Copy the lines below exactly, starting at the one with "This elegant necklace" and ending at the one with "Traders Edward Curran, left, and", and leave out any picture.
---------- MATERIAL PROVIDED ----------
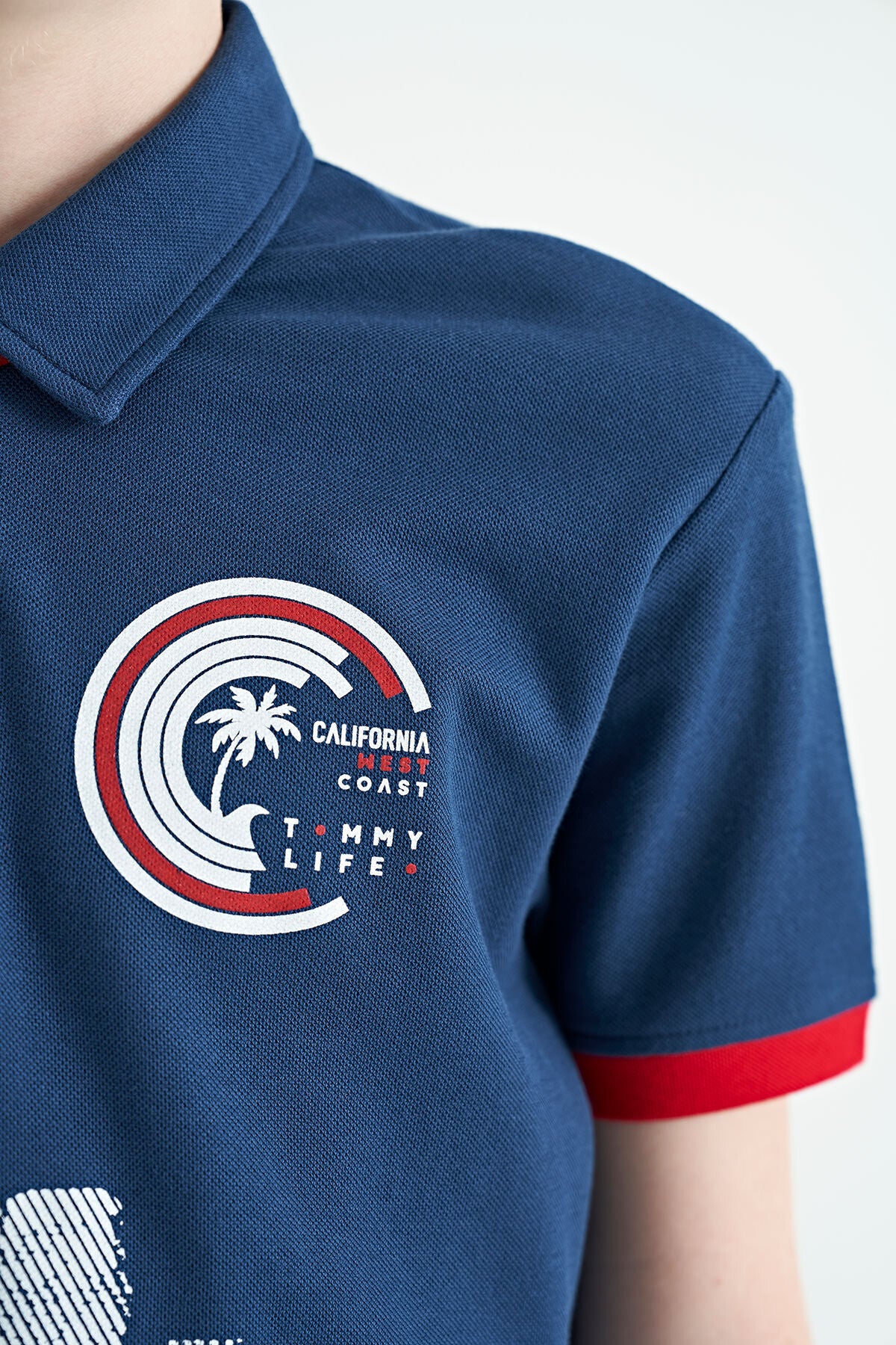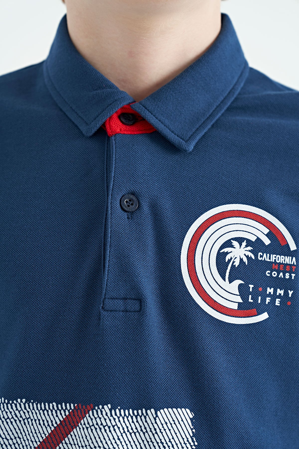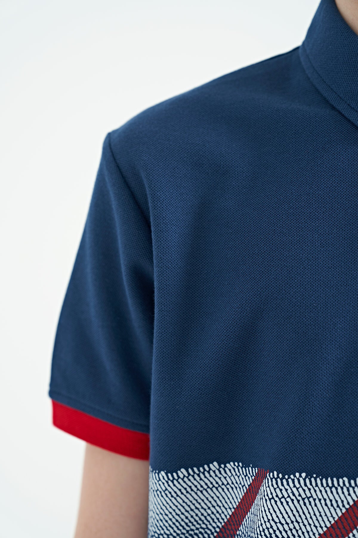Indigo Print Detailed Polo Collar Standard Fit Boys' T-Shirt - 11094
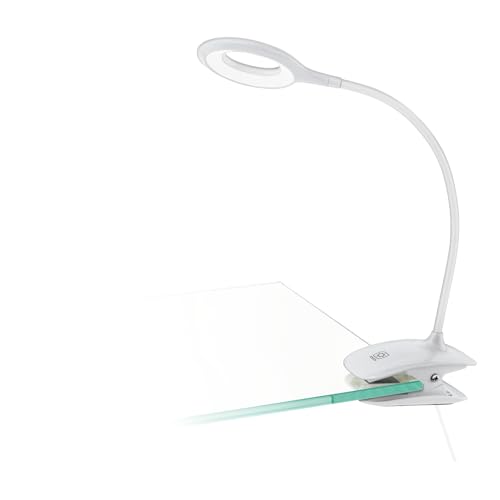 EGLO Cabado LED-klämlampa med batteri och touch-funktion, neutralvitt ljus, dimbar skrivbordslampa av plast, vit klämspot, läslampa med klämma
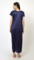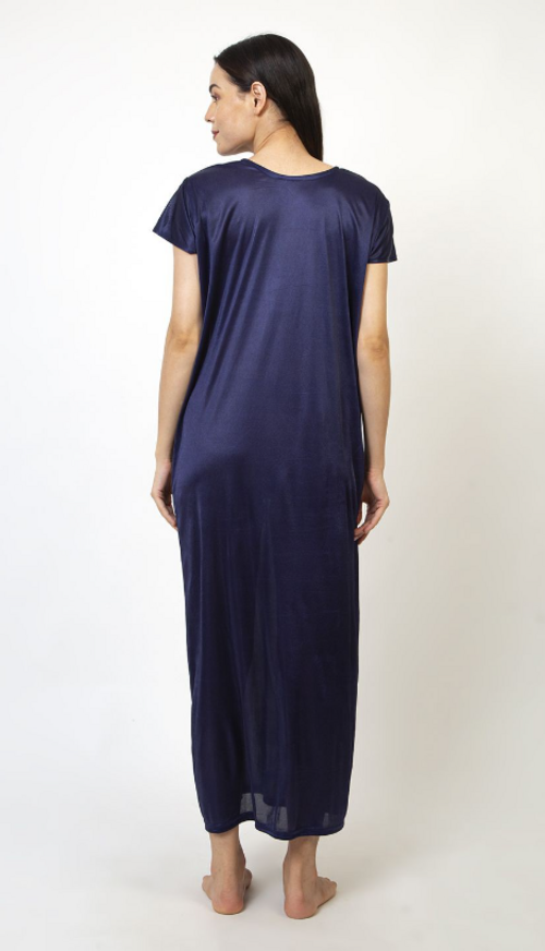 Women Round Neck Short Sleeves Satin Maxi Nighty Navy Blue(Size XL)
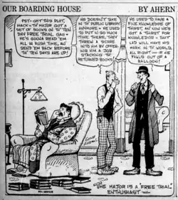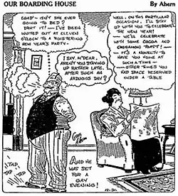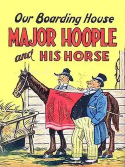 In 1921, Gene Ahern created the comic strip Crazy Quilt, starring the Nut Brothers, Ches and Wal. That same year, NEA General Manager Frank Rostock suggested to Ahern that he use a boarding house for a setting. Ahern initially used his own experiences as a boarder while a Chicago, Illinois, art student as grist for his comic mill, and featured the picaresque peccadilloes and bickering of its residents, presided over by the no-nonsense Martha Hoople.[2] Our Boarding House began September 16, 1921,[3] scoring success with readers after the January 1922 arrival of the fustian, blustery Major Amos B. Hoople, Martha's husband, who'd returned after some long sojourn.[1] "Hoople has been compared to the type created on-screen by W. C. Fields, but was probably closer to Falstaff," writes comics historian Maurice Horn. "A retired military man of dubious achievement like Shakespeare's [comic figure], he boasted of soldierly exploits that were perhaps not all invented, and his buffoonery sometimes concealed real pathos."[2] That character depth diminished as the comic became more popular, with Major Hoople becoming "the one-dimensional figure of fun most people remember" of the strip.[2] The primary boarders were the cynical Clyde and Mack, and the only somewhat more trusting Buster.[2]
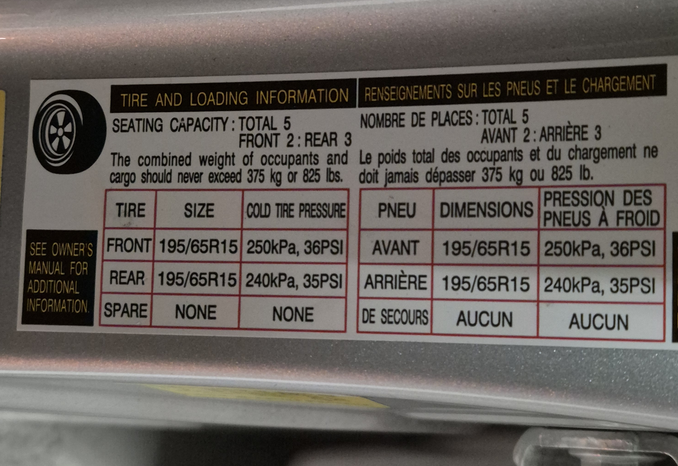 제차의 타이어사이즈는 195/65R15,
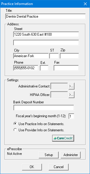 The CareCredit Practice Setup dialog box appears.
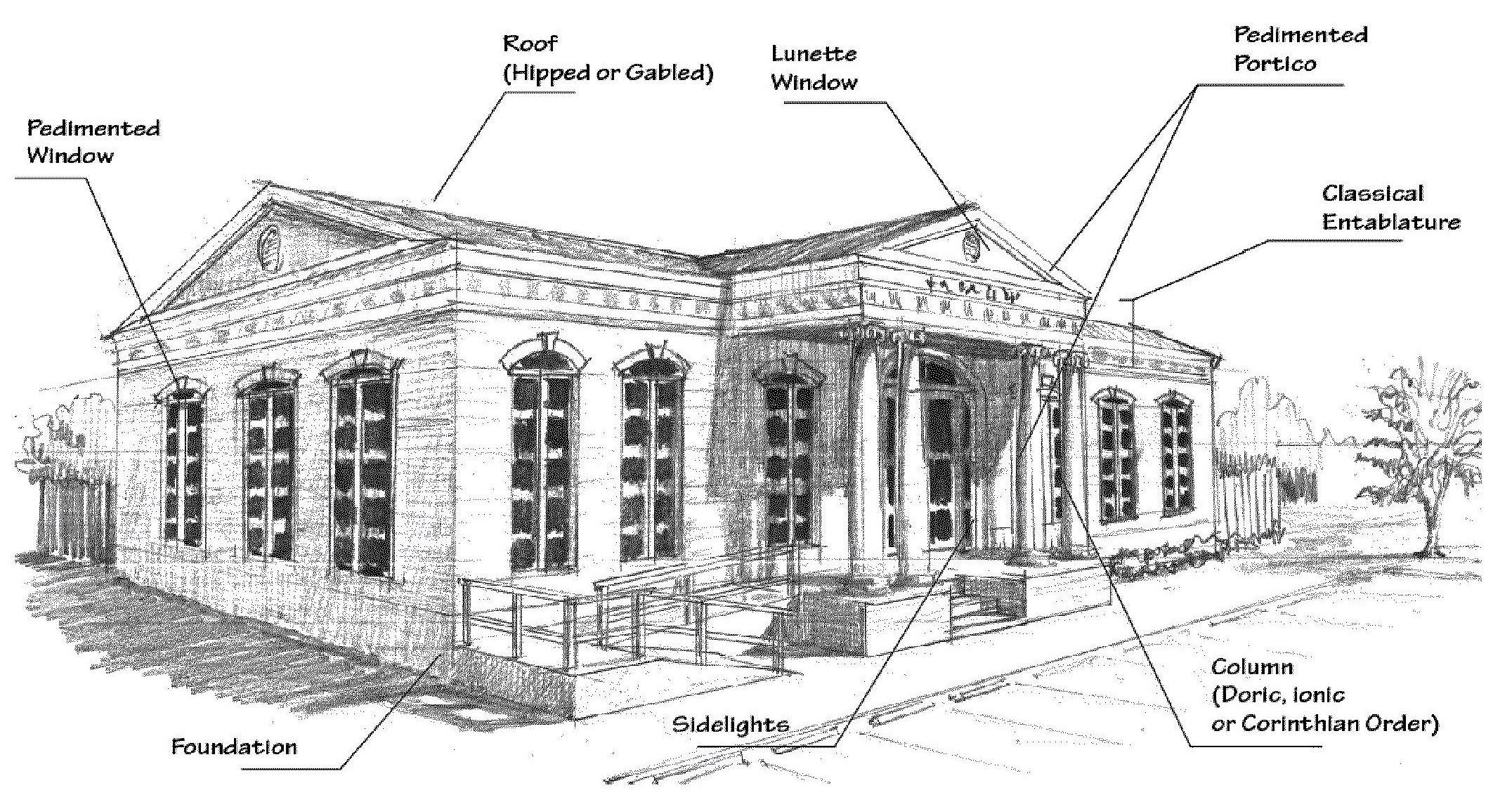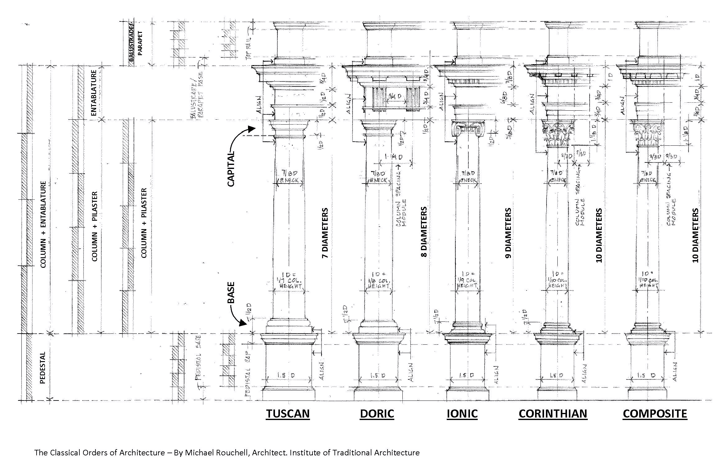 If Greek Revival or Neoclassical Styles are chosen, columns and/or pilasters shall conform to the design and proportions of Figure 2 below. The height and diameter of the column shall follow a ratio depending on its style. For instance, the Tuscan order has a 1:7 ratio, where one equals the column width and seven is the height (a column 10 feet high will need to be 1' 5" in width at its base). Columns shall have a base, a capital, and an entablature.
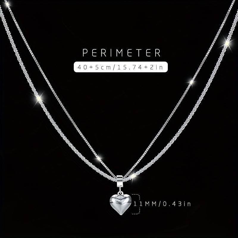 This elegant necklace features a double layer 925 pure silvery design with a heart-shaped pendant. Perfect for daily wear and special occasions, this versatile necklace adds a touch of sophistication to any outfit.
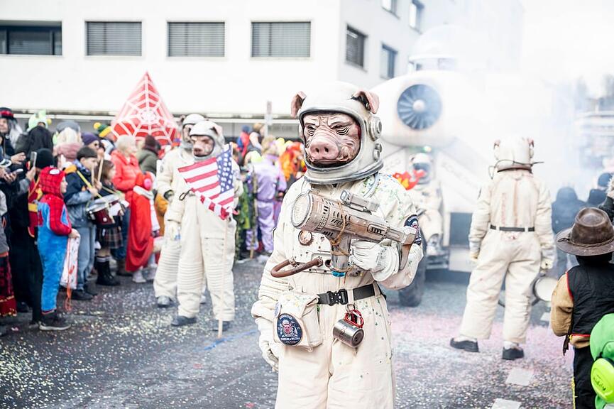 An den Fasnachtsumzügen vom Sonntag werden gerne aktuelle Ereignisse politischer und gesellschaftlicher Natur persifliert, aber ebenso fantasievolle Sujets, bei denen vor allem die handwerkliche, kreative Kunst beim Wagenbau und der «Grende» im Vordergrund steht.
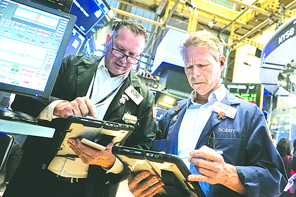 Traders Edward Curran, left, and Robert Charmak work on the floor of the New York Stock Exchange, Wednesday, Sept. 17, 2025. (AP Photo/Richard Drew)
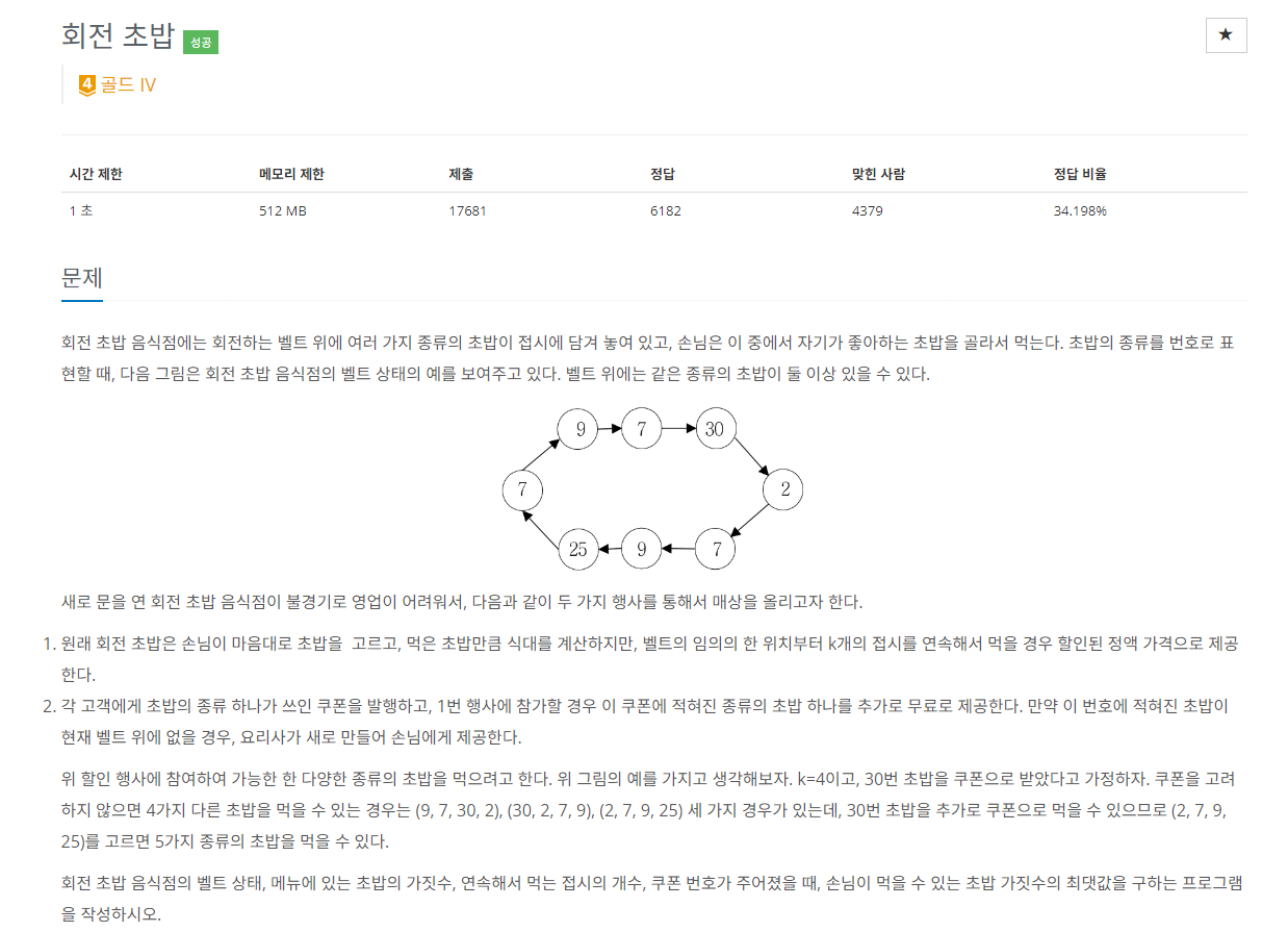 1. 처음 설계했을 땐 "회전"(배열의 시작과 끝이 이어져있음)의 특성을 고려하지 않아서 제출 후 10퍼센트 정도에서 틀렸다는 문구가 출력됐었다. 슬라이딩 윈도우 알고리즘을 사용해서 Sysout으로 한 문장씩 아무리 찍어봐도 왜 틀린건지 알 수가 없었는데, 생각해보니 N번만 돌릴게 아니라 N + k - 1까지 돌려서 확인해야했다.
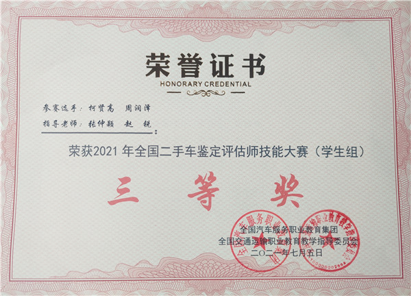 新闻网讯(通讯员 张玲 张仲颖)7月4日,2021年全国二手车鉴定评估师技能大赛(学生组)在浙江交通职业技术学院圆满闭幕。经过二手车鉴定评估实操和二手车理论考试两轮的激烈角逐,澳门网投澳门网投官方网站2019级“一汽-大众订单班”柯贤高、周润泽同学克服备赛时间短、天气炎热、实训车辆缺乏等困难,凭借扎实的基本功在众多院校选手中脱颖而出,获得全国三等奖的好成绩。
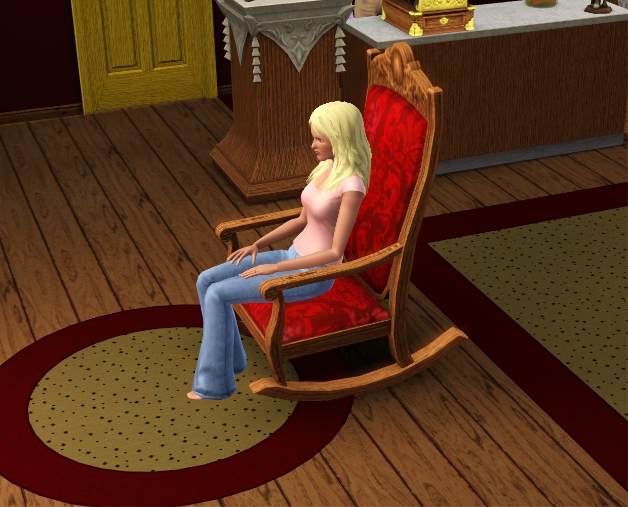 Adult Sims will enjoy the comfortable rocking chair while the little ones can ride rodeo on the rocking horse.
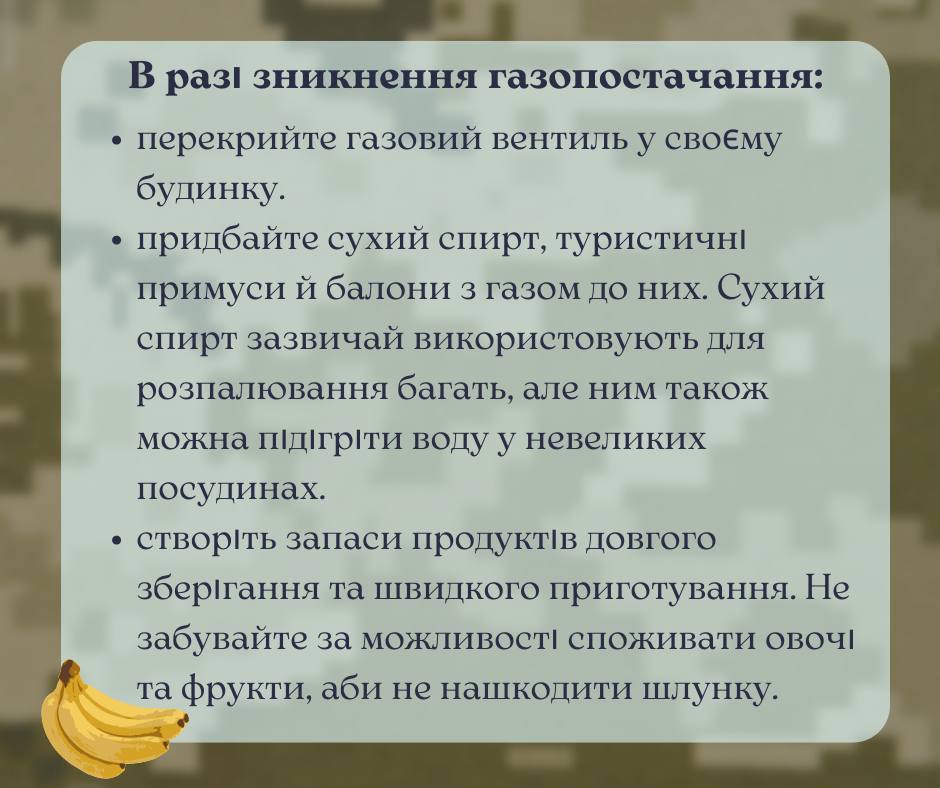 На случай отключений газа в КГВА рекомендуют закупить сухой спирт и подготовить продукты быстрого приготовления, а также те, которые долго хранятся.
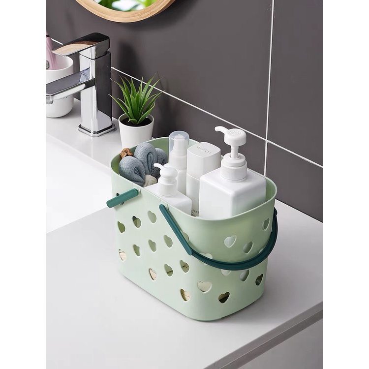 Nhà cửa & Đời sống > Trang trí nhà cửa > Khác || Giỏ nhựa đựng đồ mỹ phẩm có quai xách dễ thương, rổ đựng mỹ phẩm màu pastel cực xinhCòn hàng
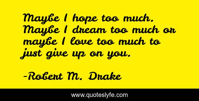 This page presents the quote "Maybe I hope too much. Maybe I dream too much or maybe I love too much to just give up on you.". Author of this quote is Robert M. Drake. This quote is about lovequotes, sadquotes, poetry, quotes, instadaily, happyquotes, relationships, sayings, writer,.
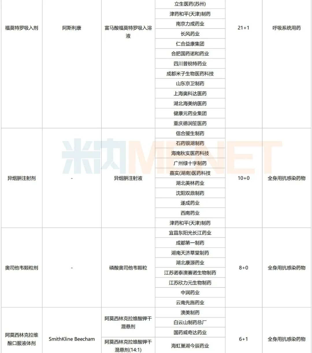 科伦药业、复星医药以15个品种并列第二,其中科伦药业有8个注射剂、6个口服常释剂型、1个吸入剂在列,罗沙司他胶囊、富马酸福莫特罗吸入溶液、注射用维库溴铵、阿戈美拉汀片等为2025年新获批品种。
----------
_REPLY TO THE EXERCISE_:
 This elegant necklace features a double layer 925 pure silvery design with a heart-shaped pendant. Perfect for daily wear and special occasions, this versatile necklace adds a touch of sophistication to any outfit.
 An den Fasnachtsumzügen vom Sonntag werden gerne aktuelle Ereignisse politischer und gesellschaftlicher Natur persifliert, aber ebenso fantasievolle Sujets, bei denen vor allem die handwerkliche, kreative Kunst beim Wagenbau und der «Grende» im Vordergrund steht.
 Traders Edward Curran, left, and Robert Charmak work on the floor of the New York Stock Exchange, Wednesday, Sept. 17, 2025. (AP Photo/Richard Drew)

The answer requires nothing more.